There was a slight up-tick in delivery rates in the US but overall, results stayed level, with B2B inbox rates at 80% and B2C at 86%. While Sather was a bit surprised that B2B delivery rates weren't much lower, given that they have to get through enterprise systems like Microsoft Exchange, B2B hasn't really been hit with reputation filtering yet.
"That will change over time, as B2B emails get outsourced into the cloud," says Sather. "The transition will happen slowly, so marketers will adapt."
B2B marketers in particular have a big challenge getting good leads. A reliance here on rented files can be dangerous, as rented lists can be riddled with spam traps, he warns. "That's what destroys email lists."
In B2C, many marketers aren't paying close attention to inbox placement rates. They might be seeing high delivered rates from their ISP—and this might not include emails that didn't reach the inbox. "You need this reporting capability, so you can find out why emails are being delivered to spam filters," Sather says.
New data about Gmail is showing that while many marketers are averaging a 91% deliverability rate, only 17% of those messages are being directed to priority inboxes within Gmail by recipients.
"That's pretty low," says Sather. "If I was a marketer and saw only 17% of subscribers were actively engaged with my emails, I'd want that to be significantly higher."
As more and more Gmail users enable their priority inboxes, marketer will have a better picture of how engaged subscribers are with their messages.
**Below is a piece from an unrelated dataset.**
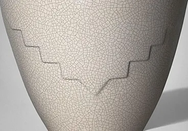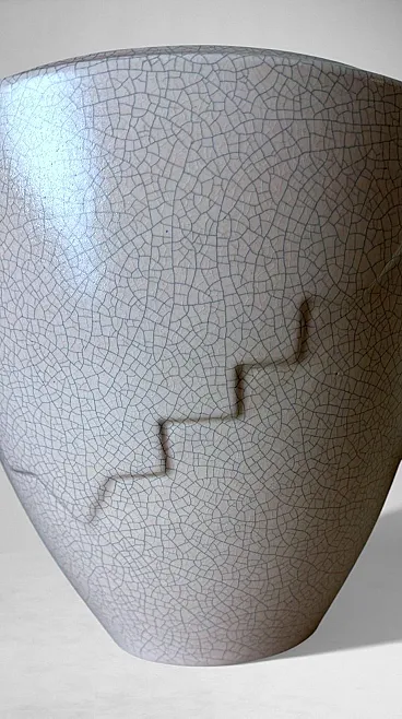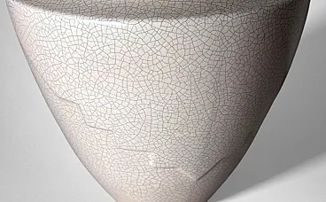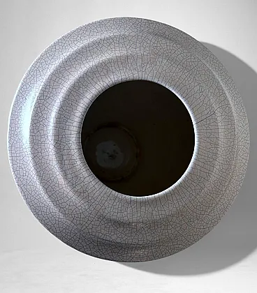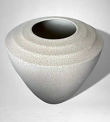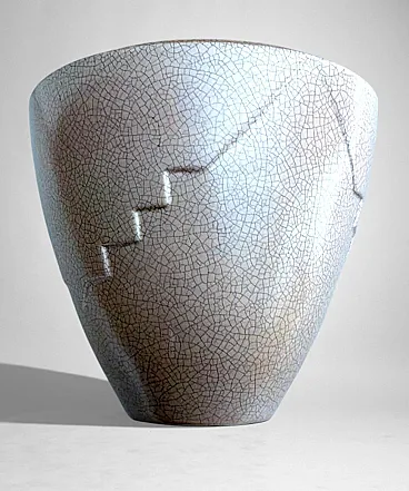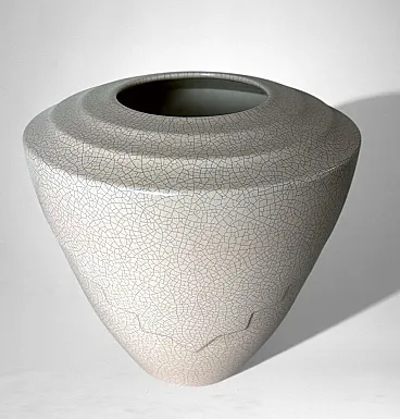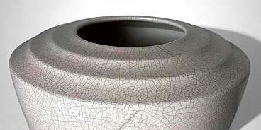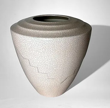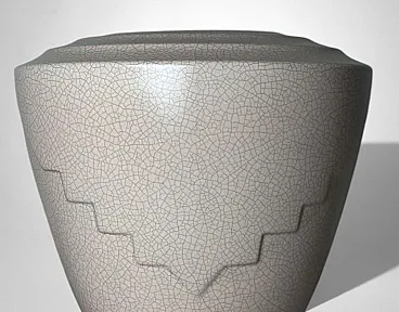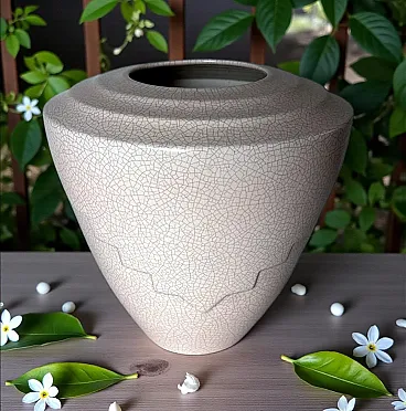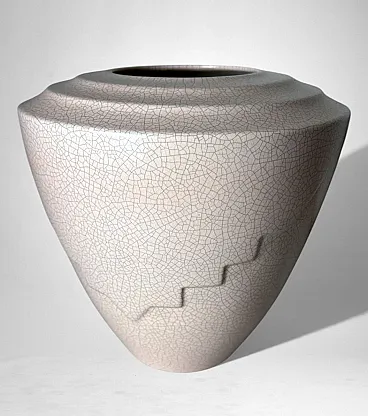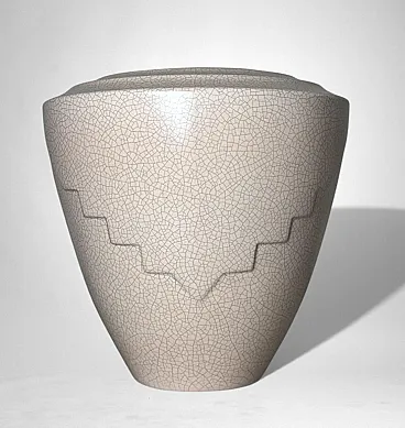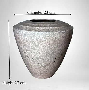 This elegant French vase was created in the Art Deco style and features a clean, understated design characterized by soft, harmonious lines. The form is enhanced by a refined and minimalist raised decoration on the body, adding visual interest while preserving the purity of the silhouette. The piece was produced in France between 1930 and 1935 in a small artisanal workshop located in the Marais district, one of Paris’s most historic and culturally rich neighborhoods. Long renowned for its community of artists and craftsmen, the Marais has traditionally been—and remains today—a vibrant center of creative production. The vase displays a striking craquelé finish. In painting, craquelure refers to the fine network of surface cracks that develops over time and is often used to help determine the age and authenticity of artworks. Toward the end of the 18th century, as decorative arts increasingly favored objects inspired by antiquity, craftsmen developed the craquelé technique as an intentional aging process, applying it to a wide range of materials, including ceramic and glass. Craquelé effects can be achieved through chemical methods that act on the glaze using specific substances to create a uniform, reticulated pattern. However, the most highly regarded approach is the Japanese Raku technique. This process involves firing the glazed object at high temperatures and then rapidly cooling it by removing it from the kiln. Careful control of timing and temperature is essential, as this dramatic thermal shock naturally produces the characteristic crackled surface. Raku firing results in objects that are inherently unique and unrepeatable, which is why the technique has been widely embraced by artists and designers seeking to create distinctive, expressive works. Such pieces are also especially appreciated by those drawn to natural textures, as the surface evokes the appearance of parched, water-deprived earth found in desert landscapes. This vase, executed using the Raku technique, represents a small but meaningful fragment of decorative arts history. It is a highly decorative object that draws the eye and integrates effortlessly into both classic and contemporary interiors. The vase is in good condition. Dimensions: Diameter: 23 cm (9.05 in) Height: 27 cm (10.63 in)

After all, people don't typically interact with anything that winds up in their junk folder, meaning they won't clickthrough or convert, he notes. "And that means you're leaving money on the table."
The report looked at data from Return Path's Mailbox Monitor service from January to June 2011. The study tracked the delivery, blocking and filtering rates for more than 600,000 campaigns. For each campaign, whether the email was missing, received in the inbox or filtered to the junk/spam folder (for those ISPs that use such a folder) was recorded.